Set down the first line below and each line after it, ending with the one that holds "本网讯 12月21日,由北京". Pictures do not belong in the copy.

Available data |
╔══

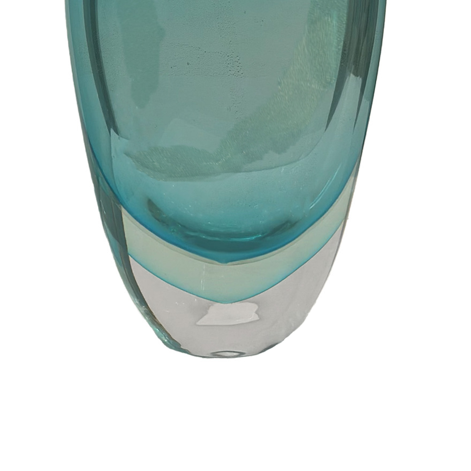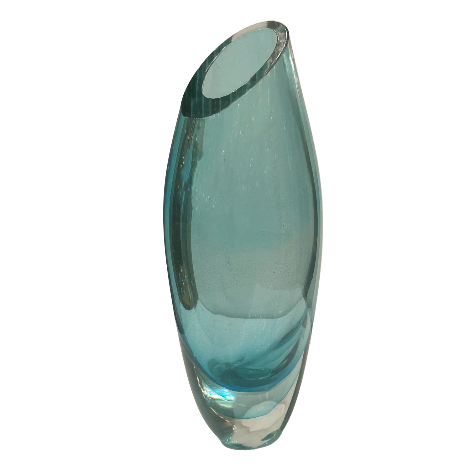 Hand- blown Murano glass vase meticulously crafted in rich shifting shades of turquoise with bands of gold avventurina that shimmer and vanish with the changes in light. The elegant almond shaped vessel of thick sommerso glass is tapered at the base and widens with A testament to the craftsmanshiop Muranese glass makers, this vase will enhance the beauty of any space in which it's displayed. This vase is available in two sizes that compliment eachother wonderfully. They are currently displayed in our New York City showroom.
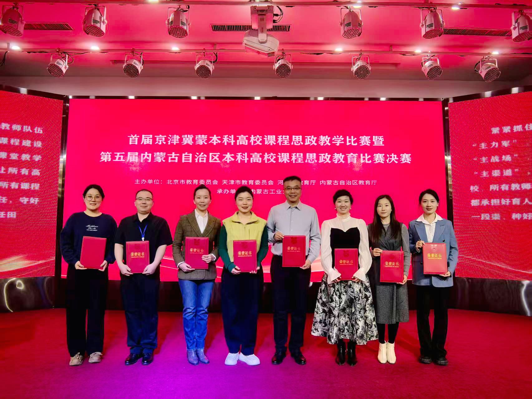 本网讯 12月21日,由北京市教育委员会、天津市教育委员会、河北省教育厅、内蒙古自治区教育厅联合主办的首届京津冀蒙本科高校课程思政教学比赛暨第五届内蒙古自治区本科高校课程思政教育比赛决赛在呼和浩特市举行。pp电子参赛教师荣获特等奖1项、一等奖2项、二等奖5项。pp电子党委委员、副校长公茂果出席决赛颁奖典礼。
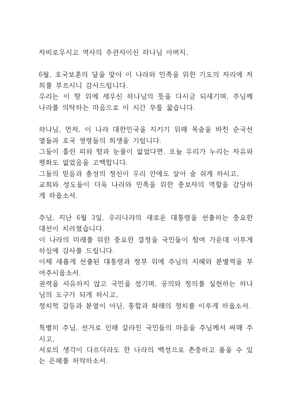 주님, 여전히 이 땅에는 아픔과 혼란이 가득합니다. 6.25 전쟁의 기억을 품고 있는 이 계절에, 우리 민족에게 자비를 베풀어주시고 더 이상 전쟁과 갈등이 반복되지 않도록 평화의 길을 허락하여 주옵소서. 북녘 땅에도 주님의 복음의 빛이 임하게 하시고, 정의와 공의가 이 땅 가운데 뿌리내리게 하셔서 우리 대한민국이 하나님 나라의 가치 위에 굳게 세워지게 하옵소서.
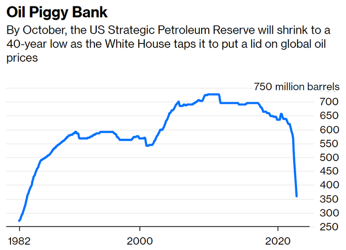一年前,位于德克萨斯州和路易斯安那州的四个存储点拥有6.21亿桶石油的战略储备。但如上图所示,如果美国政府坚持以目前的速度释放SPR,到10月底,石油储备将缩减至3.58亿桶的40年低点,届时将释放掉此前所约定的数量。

╚══

Completed task |
 Hand- blown Murano glass vase meticulously crafted in rich shifting shades of turquoise with bands of gold avventurina that shimmer and vanish with the changes in light. The elegant almond shaped vessel of thick sommerso glass is tapered at the base and widens with A testament to the craftsmanshiop Muranese glass makers, this vase will enhance the beauty of any space in which it's displayed. This vase is available in two sizes that compliment eachother wonderfully. They are currently displayed in our New York City showroom.
 本网讯 12月21日,由北京市教育委员会、天津市教育委员会、河北省教育厅、内蒙古自治区教育厅联合主办的首届京津冀蒙本科高校课程思政教学比赛暨第五届内蒙古自治区本科高校课程思政教育比赛决赛在呼和浩特市举行。pp电子参赛教师荣获特等奖1项、一等奖2项、二等奖5项。pp电子党委委员、副校长公茂果出席决赛颁奖典礼。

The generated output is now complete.